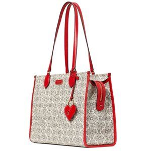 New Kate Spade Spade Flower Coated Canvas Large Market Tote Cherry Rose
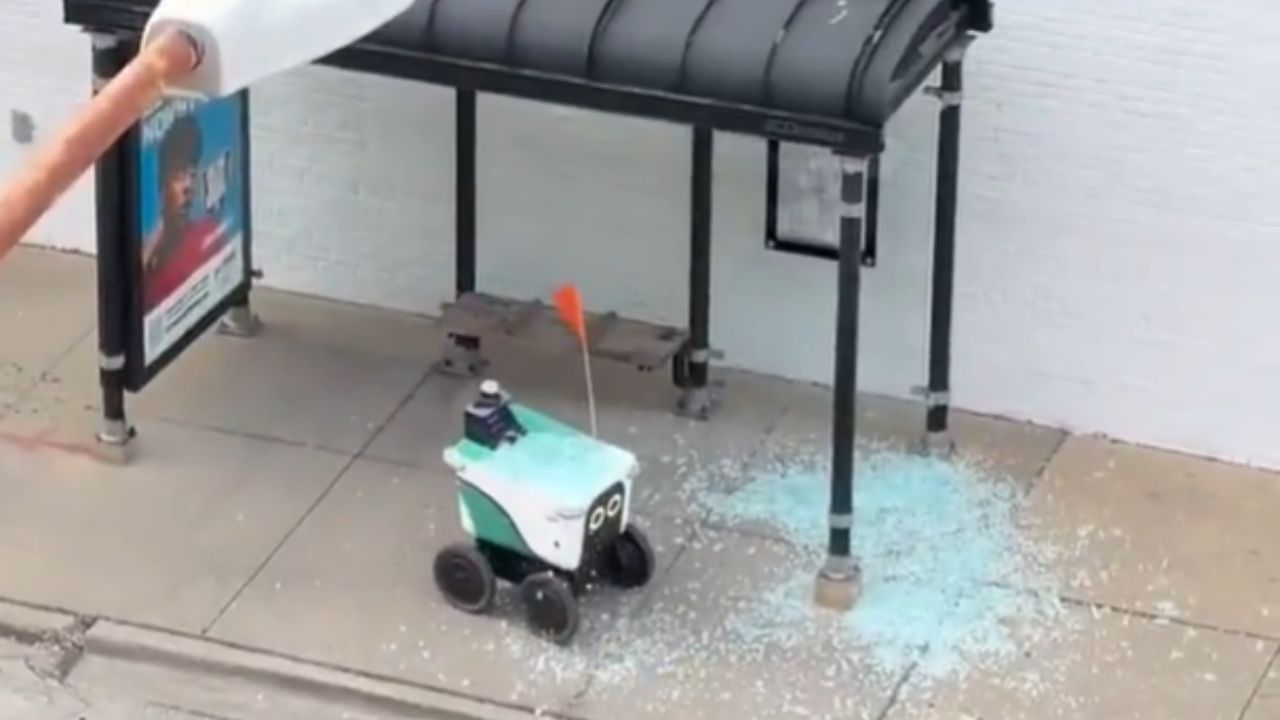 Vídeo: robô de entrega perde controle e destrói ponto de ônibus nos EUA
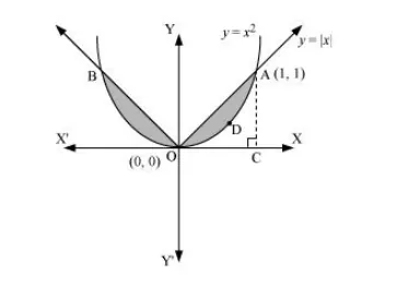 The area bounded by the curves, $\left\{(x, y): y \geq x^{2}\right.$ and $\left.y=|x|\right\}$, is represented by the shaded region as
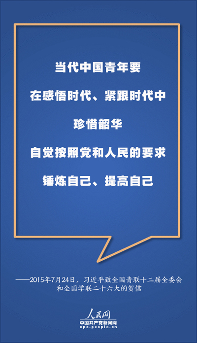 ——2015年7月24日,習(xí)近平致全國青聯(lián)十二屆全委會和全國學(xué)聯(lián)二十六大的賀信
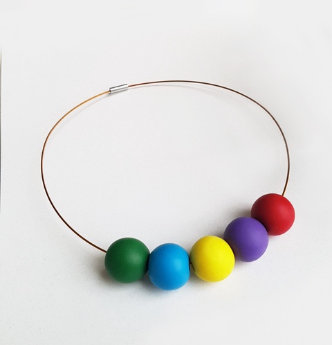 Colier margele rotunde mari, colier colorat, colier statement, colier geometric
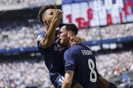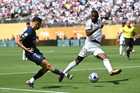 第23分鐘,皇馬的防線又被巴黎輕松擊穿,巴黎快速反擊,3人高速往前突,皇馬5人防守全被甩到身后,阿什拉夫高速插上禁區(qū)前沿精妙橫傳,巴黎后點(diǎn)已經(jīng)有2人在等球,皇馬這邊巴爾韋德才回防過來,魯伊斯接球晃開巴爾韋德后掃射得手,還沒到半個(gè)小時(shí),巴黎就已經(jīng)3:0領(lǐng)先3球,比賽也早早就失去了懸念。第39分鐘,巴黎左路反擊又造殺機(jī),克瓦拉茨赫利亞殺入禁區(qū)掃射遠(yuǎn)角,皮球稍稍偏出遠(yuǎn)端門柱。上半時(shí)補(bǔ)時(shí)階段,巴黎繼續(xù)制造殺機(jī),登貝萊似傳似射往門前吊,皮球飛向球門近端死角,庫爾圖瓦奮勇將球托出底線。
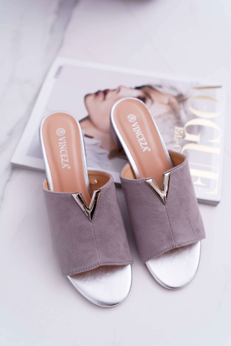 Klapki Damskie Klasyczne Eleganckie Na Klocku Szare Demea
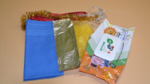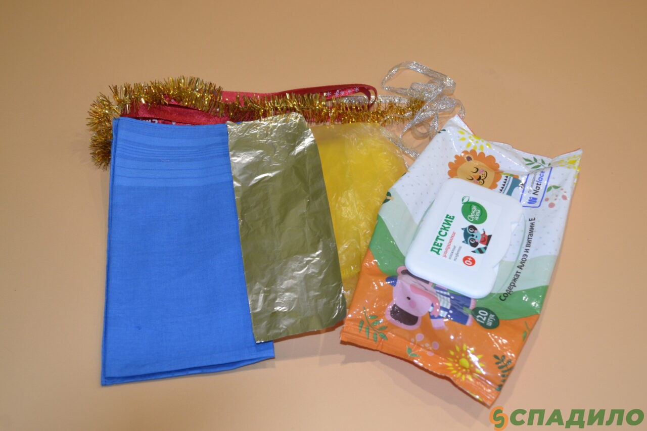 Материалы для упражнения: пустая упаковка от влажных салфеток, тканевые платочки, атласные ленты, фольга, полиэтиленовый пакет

------------------------------------

Please repeat the lines above from the line containing "Colier margele rotunde" through the final line, both included, exactly as they stand and without pictures.

> TASK RESPONSE
 Colier margele rotunde mari, colier colorat, colier statement, colier geometric
 第23分鐘,皇馬的防線又被巴黎輕松擊穿,巴黎快速反擊,3人高速往前突,皇馬5人防守全被甩到身后,阿什拉夫高速插上禁區(qū)前沿精妙橫傳,巴黎后點(diǎn)已經(jīng)有2人在等球,皇馬這邊巴爾韋德才回防過來,魯伊斯接球晃開巴爾韋德后掃射得手,還沒到半個(gè)小時(shí),巴黎就已經(jīng)3:0領(lǐng)先3球,比賽也早早就失去了懸念。第39分鐘,巴黎左路反擊又造殺機(jī),克瓦拉茨赫利亞殺入禁區(qū)掃射遠(yuǎn)角,皮球稍稍偏出遠(yuǎn)端門柱。上半時(shí)補(bǔ)時(shí)階段,巴黎繼續(xù)制造殺機(jī),登貝萊似傳似射往門前吊,皮球飛向球門近端死角,庫爾圖瓦奮勇將球托出底線。
 Klapki Damskie Klasyczne Eleganckie Na Klocku Szare Demea
 Материалы для упражнения: пустая упаковка от влажных салфеток, тканевые платочки, атласные ленты, фольга, полиэтиленовый пакет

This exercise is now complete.